• Assigned task:
Pictures excluded, reproduce exactly the lines below from the one with "编号T23965 远离坏男人n 龙腾问鼎" through the one with "И снова о важном.", both included.

• Records for the exercise:
-*-

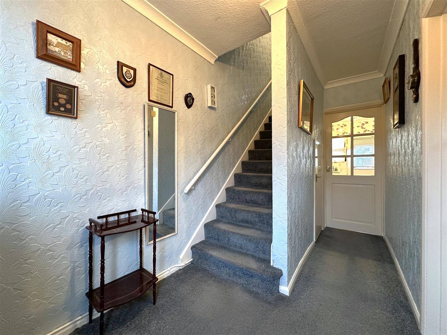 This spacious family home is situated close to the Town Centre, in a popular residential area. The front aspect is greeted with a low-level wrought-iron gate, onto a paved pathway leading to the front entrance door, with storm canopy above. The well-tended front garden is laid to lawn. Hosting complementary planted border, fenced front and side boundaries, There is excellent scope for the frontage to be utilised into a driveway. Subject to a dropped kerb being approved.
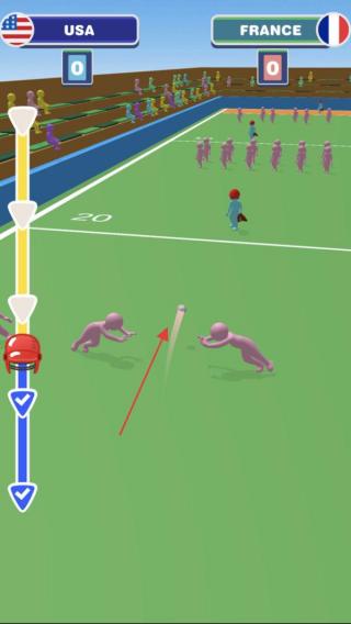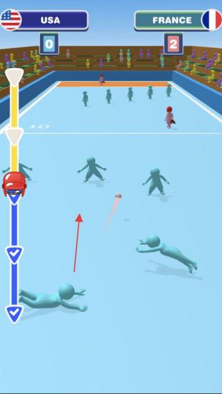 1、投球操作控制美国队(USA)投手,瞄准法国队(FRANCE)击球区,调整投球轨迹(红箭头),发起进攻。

-*-

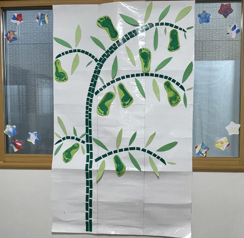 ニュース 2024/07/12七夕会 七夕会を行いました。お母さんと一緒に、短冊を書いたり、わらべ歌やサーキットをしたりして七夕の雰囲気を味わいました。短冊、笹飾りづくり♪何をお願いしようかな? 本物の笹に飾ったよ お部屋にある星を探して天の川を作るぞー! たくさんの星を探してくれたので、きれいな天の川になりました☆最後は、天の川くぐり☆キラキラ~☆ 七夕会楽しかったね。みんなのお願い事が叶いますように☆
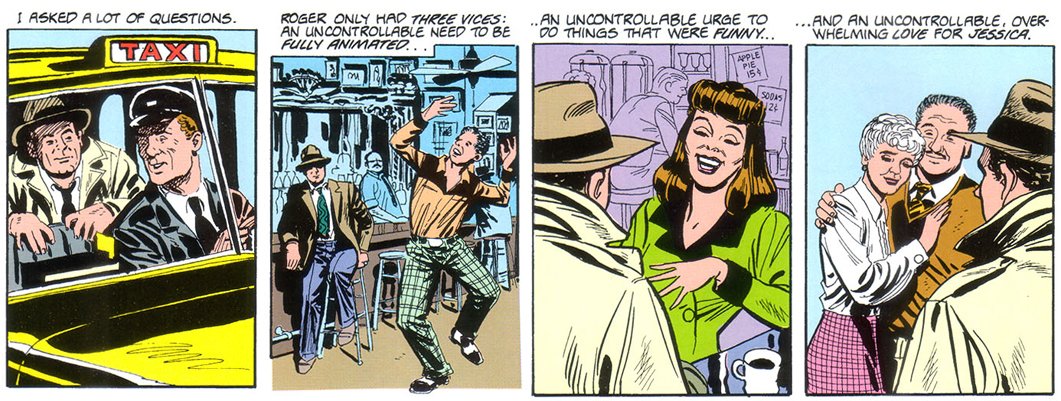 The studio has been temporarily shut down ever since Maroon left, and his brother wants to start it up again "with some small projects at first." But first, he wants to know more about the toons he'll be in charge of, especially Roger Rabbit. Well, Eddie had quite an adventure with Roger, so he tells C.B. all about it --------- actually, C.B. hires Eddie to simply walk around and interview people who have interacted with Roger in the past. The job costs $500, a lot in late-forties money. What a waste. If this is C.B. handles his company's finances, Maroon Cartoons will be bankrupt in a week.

-*-

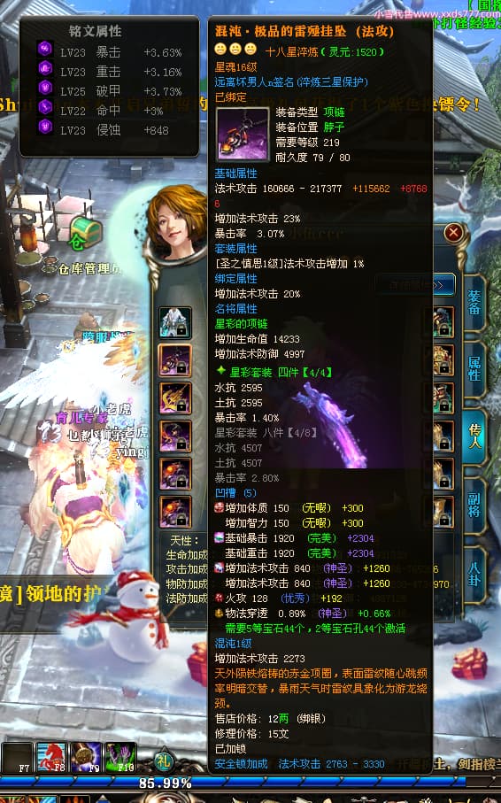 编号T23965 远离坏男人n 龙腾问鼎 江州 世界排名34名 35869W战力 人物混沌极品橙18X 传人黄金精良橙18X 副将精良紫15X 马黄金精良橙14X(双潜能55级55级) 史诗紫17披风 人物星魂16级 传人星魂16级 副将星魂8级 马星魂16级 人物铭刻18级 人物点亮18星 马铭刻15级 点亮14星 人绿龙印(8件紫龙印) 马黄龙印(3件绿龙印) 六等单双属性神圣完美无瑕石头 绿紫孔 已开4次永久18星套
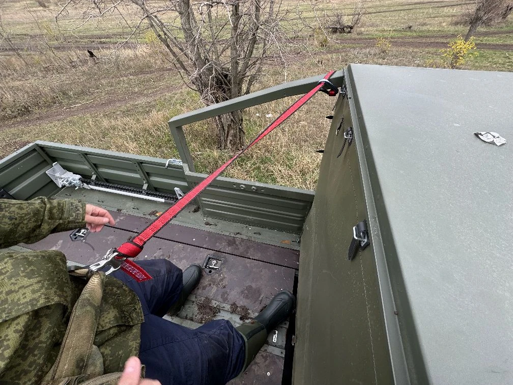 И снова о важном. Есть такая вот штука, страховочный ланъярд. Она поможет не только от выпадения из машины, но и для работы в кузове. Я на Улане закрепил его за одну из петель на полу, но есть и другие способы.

-*-

• Output below:
 编号T23965 远离坏男人n 龙腾问鼎 江州 世界排名34名 35869W战力 人物混沌极品橙18X 传人黄金精良橙18X 副将精良紫15X 马黄金精良橙14X(双潜能55级55级) 史诗紫17披风 人物星魂16级 传人星魂16级 副将星魂8级 马星魂16级 人物铭刻18级 人物点亮18星 马铭刻15级 点亮14星 人绿龙印(8件紫龙印) 马黄龙印(3件绿龙印) 六等单双属性神圣完美无瑕石头 绿紫孔 已开4次永久18星套
 И снова о важном. Есть такая вот штука, страховочный ланъярд. Она поможет не только от выпадения из машины, но и для работы в кузове. Я на Улане закрепил его за одну из петель на полу, но есть и другие способы.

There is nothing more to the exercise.